Setra Systems, Inc.
- Company type: Subsidiary of Fortive
- Traded as: NYSE: FTV; S&P 500 Component;
- Industry: Electronics Industrial manufacturing
- Founded: 1967; 59 years ago
- Headquarters: Boxborough, Massachusetts, U.S.
- Products: Pressure Sensors, Current Sensors, Indicators
- Number of employees: 201-500
- Parent: Fortive
- Website: www.setra.com

= Setra Systems =

Setra Systems is an American electronics company that manufactures electronic instruments that measure pressure, acceleration, and weight. The company's products are used chiefly in industrial manufacturing. Setra Systems is a fully owned subsidiary of Fortive since 2000.

Setra Technology Park is located in Boxborough, MA. Setra's range of products also cater to agricultural, medical, and semi-conductor industries apart from the existing OEM, barometric, HVAC/R, environmental, test and measurement, food and pharmaceutical industries.

==History==
Founded in 1967, Setra Systems, Inc. is a USA-based designer and manufacturer of pressure, humidity and current sensing products for the HVAC industry.
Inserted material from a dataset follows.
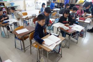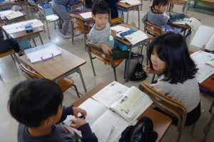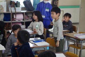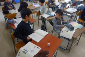 2年生の国語は、意味が似ている言葉や、意味が反対の言葉について学んでいます。この日は、似た意味の言葉について学んだ後で、例文の言葉に似た意味の言葉には何があるのかを考え、それが例文にあてはまるのかを話し合いました。しっかりと話し合うことができましたね。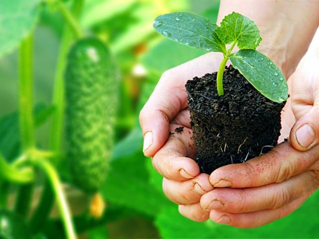 Domácí sazenice okurky jsou umístěny společně s hliněnou hrudkou z šálků nebo jiných nádob. Při používání rašelinových nádob k setí budoucích keřů je třeba mladé sazenice prohloubit tak, aby okraje nádob mírně stoupaly nad úroveň terénu.

The company was founded by Yao-Tzu Li and Shih-Ying Lee, brothers and former professors of engineering at MIT, who co-developed the variable capacitance transduction principle, the force sensing technology which is the basis of Setra's products.

In 2001, Setra was acquired by Danaher Corporation.

==Products==
Setra's range of products include differential pressure transmitters, low differential pressure transducer, wet-to-wet differential pressure transducer, gauge pressure transmitters, current switches and sensors, humidity sensors and vacuum sensors. The engineering and research efforts of Setra have been put into the development of transmitters and transducers designed using the variable capacitive transduction principle.

Setra has applications in various industries such as OEM, barometric, HVAC/R, environmental, test and measurement, food and pharmaceutical industries and has ventured into building automation, agricultural, medical and semi-conductor industries.